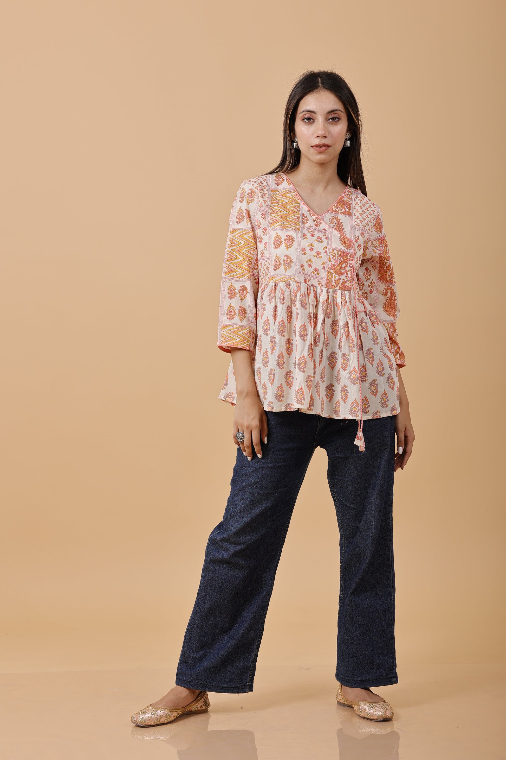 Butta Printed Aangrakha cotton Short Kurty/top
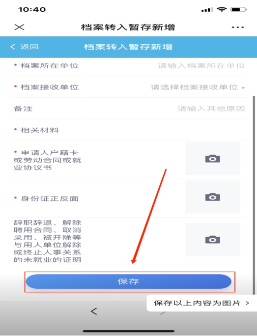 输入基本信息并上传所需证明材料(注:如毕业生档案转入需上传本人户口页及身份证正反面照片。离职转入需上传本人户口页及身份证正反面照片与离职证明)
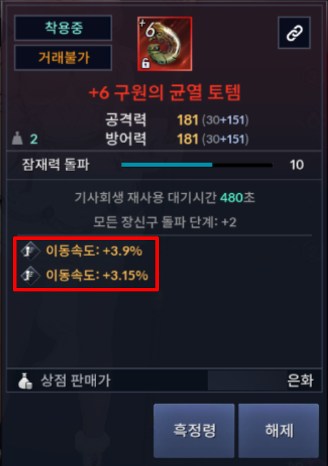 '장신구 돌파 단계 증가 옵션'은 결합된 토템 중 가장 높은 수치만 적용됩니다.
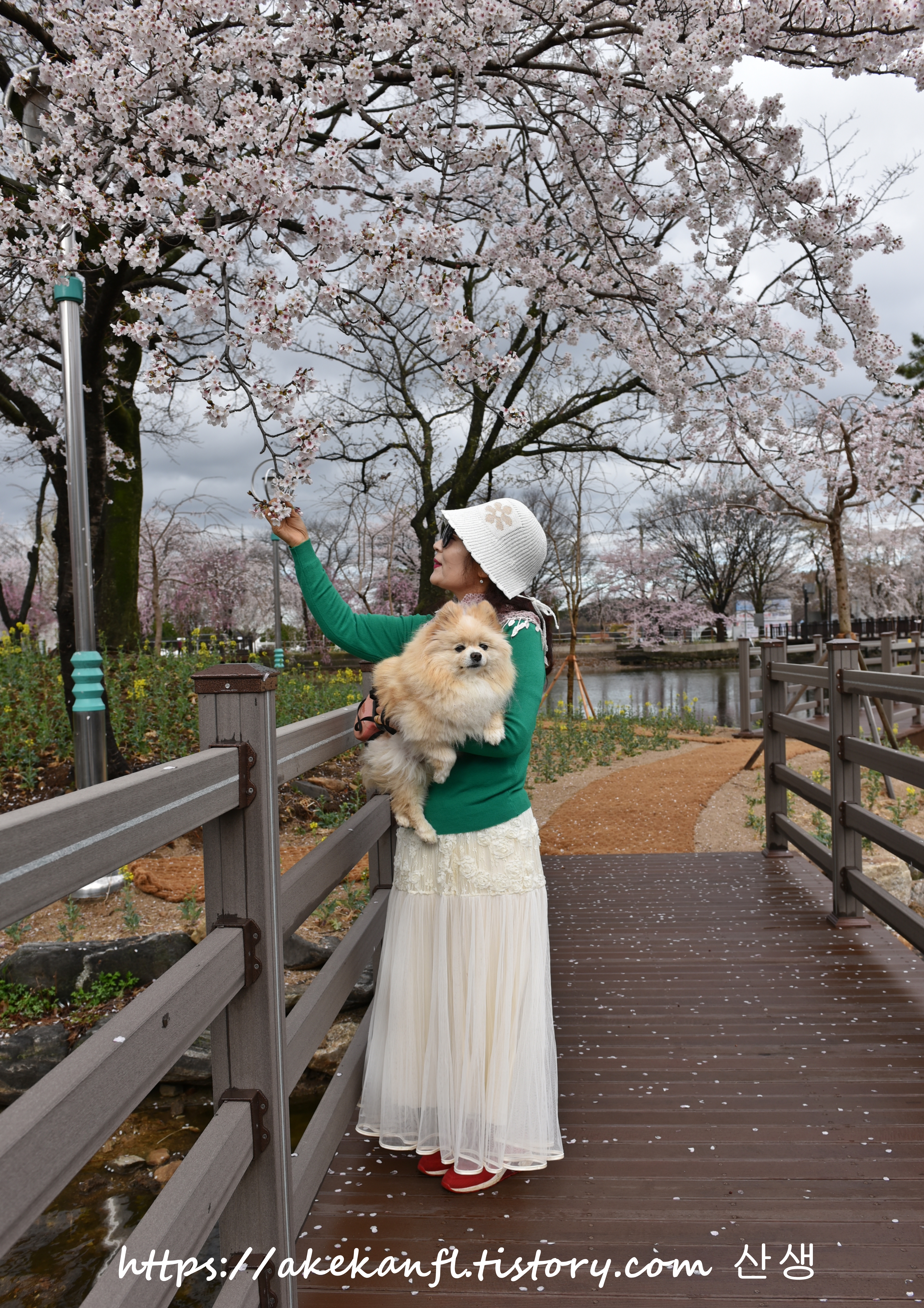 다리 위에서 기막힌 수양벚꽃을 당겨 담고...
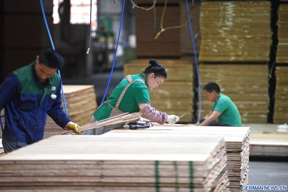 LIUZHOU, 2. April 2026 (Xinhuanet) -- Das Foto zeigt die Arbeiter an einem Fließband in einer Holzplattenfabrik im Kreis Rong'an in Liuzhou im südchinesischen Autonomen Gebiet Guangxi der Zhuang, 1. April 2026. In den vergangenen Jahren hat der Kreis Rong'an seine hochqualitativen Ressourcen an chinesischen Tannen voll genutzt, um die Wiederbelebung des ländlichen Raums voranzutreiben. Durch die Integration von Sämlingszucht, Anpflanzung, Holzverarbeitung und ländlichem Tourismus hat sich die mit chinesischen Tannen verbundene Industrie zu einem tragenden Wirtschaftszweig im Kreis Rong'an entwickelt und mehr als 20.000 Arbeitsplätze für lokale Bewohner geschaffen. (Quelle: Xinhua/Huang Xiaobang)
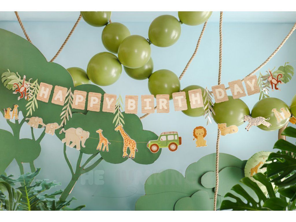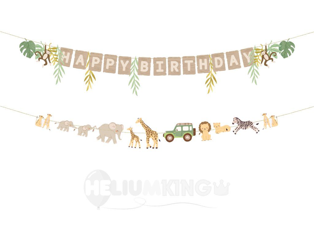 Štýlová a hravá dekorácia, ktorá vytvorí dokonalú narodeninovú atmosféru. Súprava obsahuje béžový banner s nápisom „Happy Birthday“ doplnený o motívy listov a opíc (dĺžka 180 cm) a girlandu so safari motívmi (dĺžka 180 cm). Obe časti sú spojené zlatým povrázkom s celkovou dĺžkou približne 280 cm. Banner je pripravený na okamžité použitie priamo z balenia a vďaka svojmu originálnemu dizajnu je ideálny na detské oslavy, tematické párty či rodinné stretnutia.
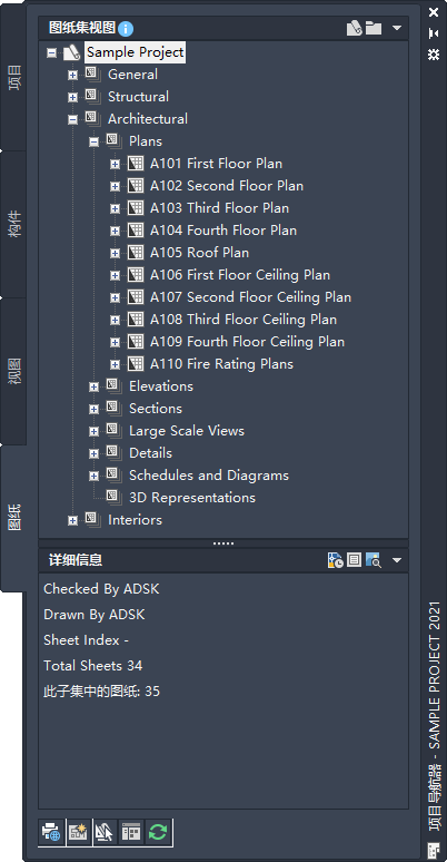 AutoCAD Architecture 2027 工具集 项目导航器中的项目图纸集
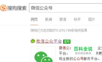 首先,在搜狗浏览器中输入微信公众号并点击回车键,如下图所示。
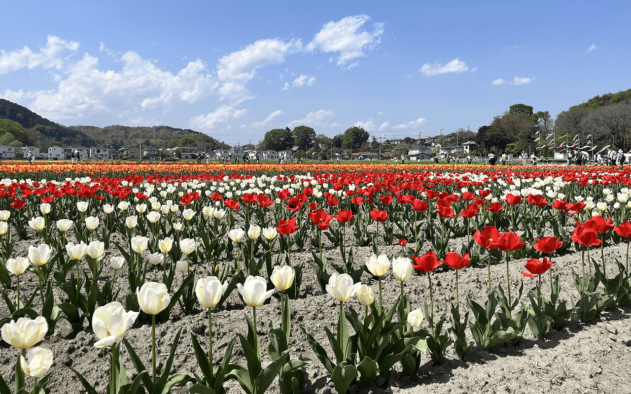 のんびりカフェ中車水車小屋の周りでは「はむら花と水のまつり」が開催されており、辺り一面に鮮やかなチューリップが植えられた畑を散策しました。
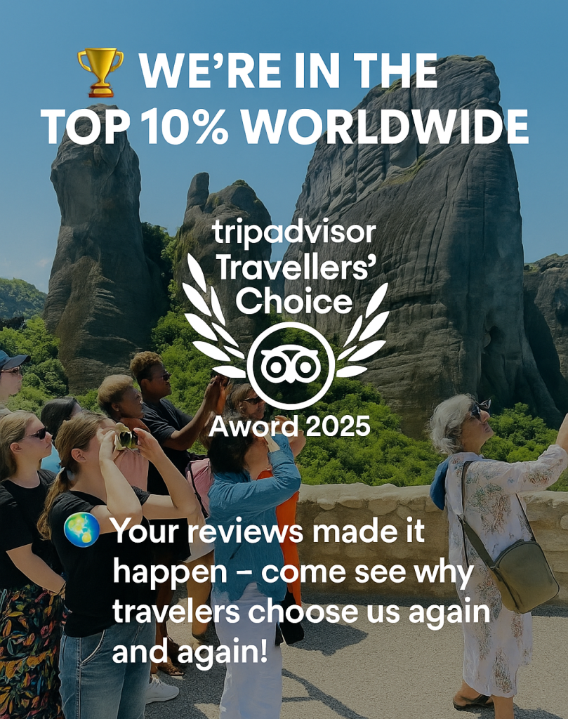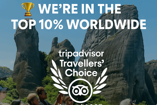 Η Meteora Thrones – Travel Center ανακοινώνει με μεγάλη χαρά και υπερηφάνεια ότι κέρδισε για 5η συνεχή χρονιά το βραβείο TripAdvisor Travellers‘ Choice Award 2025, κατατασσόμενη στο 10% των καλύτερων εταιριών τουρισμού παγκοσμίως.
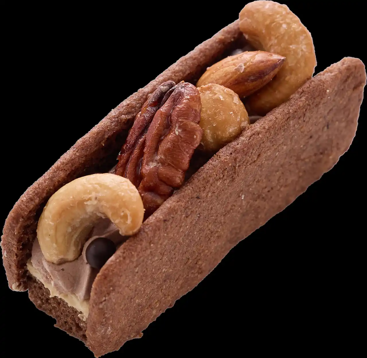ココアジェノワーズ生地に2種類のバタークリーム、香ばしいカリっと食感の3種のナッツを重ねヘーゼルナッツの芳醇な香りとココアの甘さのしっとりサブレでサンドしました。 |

------------------------------

Return exactly the lines running from the line with "Η Meteora Thrones" through the final line of the listing. Leave the pictures out.

 Η Meteora Thrones – Travel Center ανακοινώνει με μεγάλη χαρά και υπερηφάνεια ότι κέρδισε για 5η συνεχή χρονιά το βραβείο TripAdvisor Travellers‘ Choice Award 2025, κατατασσόμενη στο 10% των καλύτερων εταιριών τουρισμού παγκοσμίως.
ココアジェノワーズ生地に2種類のバタークリーム、香ばしいカリっと食感の3種のナッツを重ねヘーゼルナッツの芳醇な香りとココアの甘さのしっとりサブレでサンドしました。 |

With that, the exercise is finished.